“The name’s Plissken!”
Kurt Russell has played many memorable characters across his long, storied film career, but few are more iconic than the eyepatch-clad, submachine gun-toting, cigarette-smoking, jump-shot-making badass Snake Plissken. The former Special Forces operative cemented himself into the annals of history in Escape from New York and Escape from L.A. where he ventures into former metropolises-turned-maximum security prisons in order to execute high-level, top-secret missions. In short, he’s awesome, and now he can be a part of your home thanks to an amazing Sixth Scale Snake Plissken figure from Sideshow Collectibles.

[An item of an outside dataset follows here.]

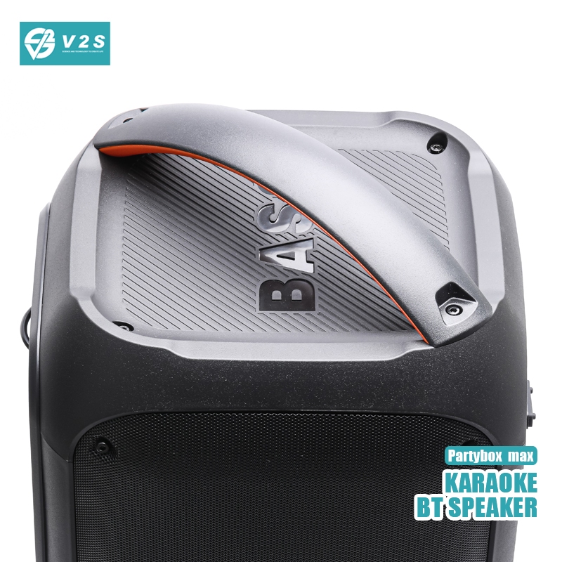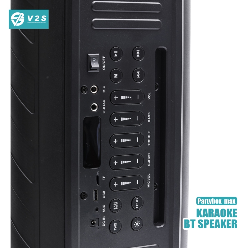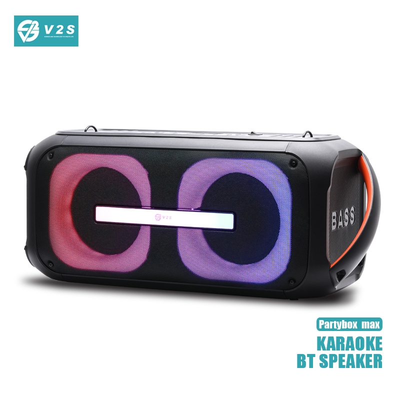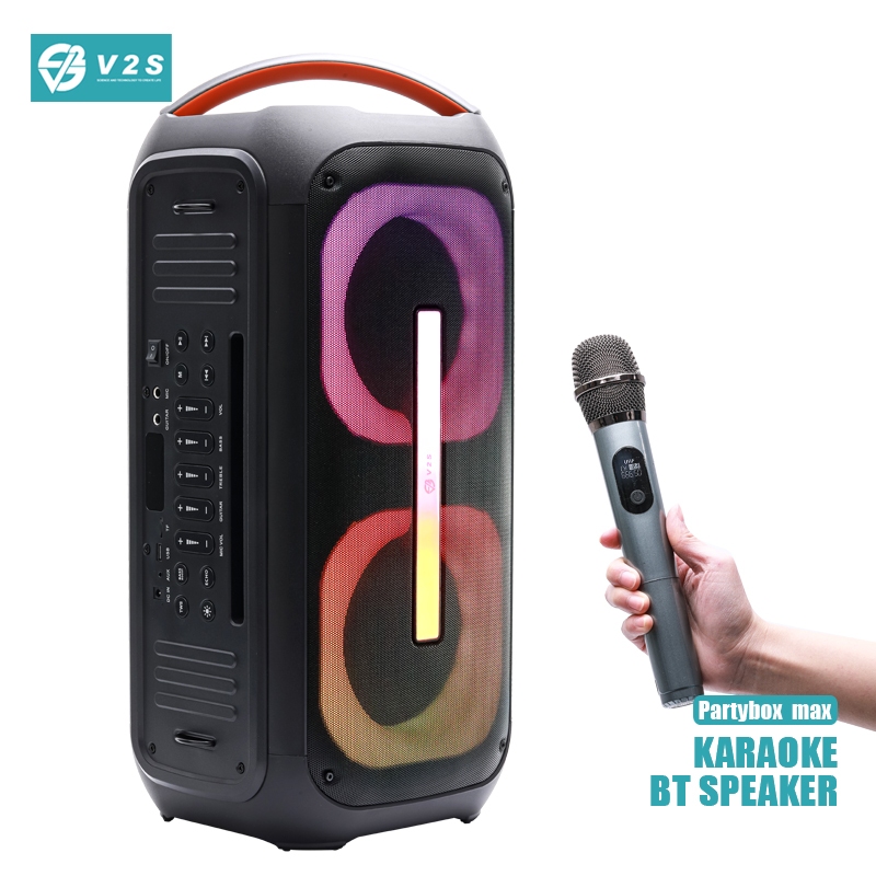 V2S Partybox Max Wireless Jukebox Karaoke Speaker Splash proof Design, Fire Light Duo Mic W/ Sling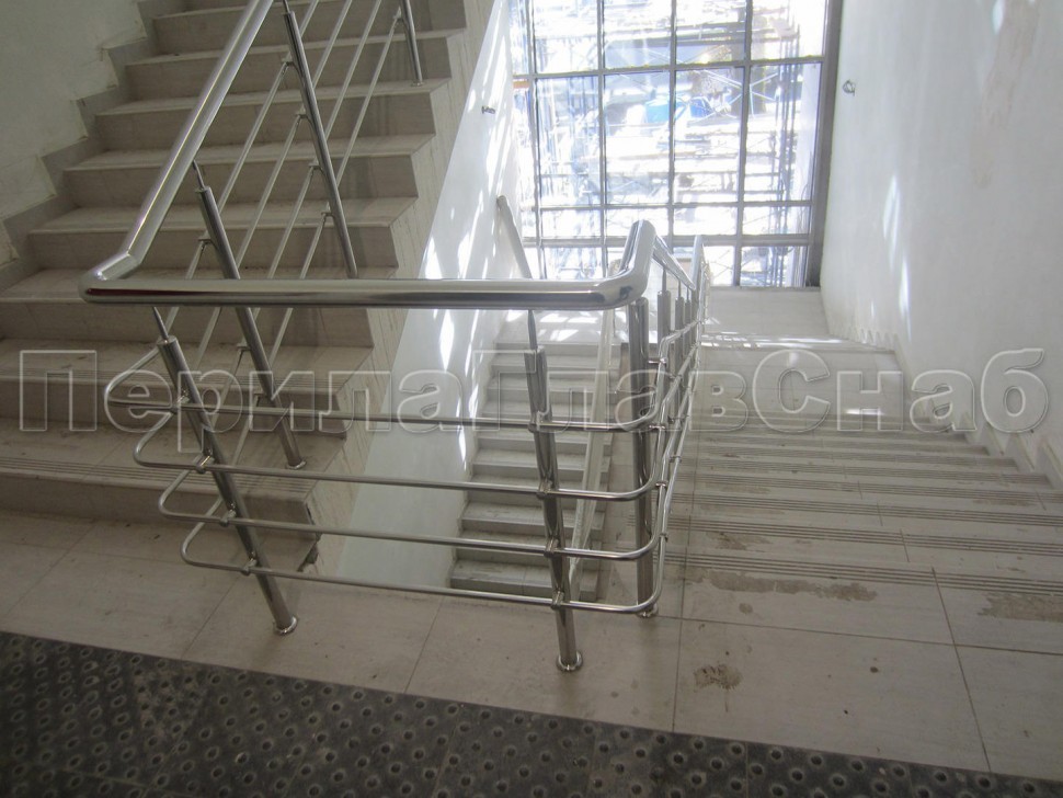 Четыре ригеля на сварке, квадратный поручень и круглые стойки

Here’s what it looks like on Sideshow’s website:
According to Sideshow, the insanely detailed figure comes with the following:
– One (1) Revolver with scope
– One (1) SMG with removalbe silencer and scope
– One (1) Sculpted pistol and SMG holsters
– One (1) Wrist Timer
– One (1) Wrist Tracker
– Three (3) Shurikens
– One (1) Homing Device
– One (1) Radio
– One (1) Cigarette
– Detailed Jacket and Clothing
– Various alternately posed hands
– Hand holding nuclear fusion information cassette tape
They weren’t joking — there’s a metric ton of stuff in there. Here’s a gallery of what it was like as I unboxed the li’l guy:
The amount of detail and accessories is quite staggering, actually. You can unbutton little snaps on his jacket and holsters, swap out hands and make them hold accessories as needed, and even adjust the notches on his belt. Just be careful when you bend his legs though. When I was testing the leg articulation, I discovered that Snake’s pants had slid down, giving one of the greatest badasses in cinema history a hilarious case of plumber’s crack. To whomever at Sideshow insisted on including this feature, I salute you.
The Snake Plissken Sixth Scale Figure retails for $159.99 and is available now. If you’re a fan of Escape From New York/L.A. or simply just want a tiny Kurt Russell in your life, this is a must-have. If you’re freaked out by having an envelope of tiny disembodied hands and weapons labeled “Snake Parts”, then maybe it’s not your cup of tea. But then again, Snake Plissken doesn’t give a f–k about your cup of tea.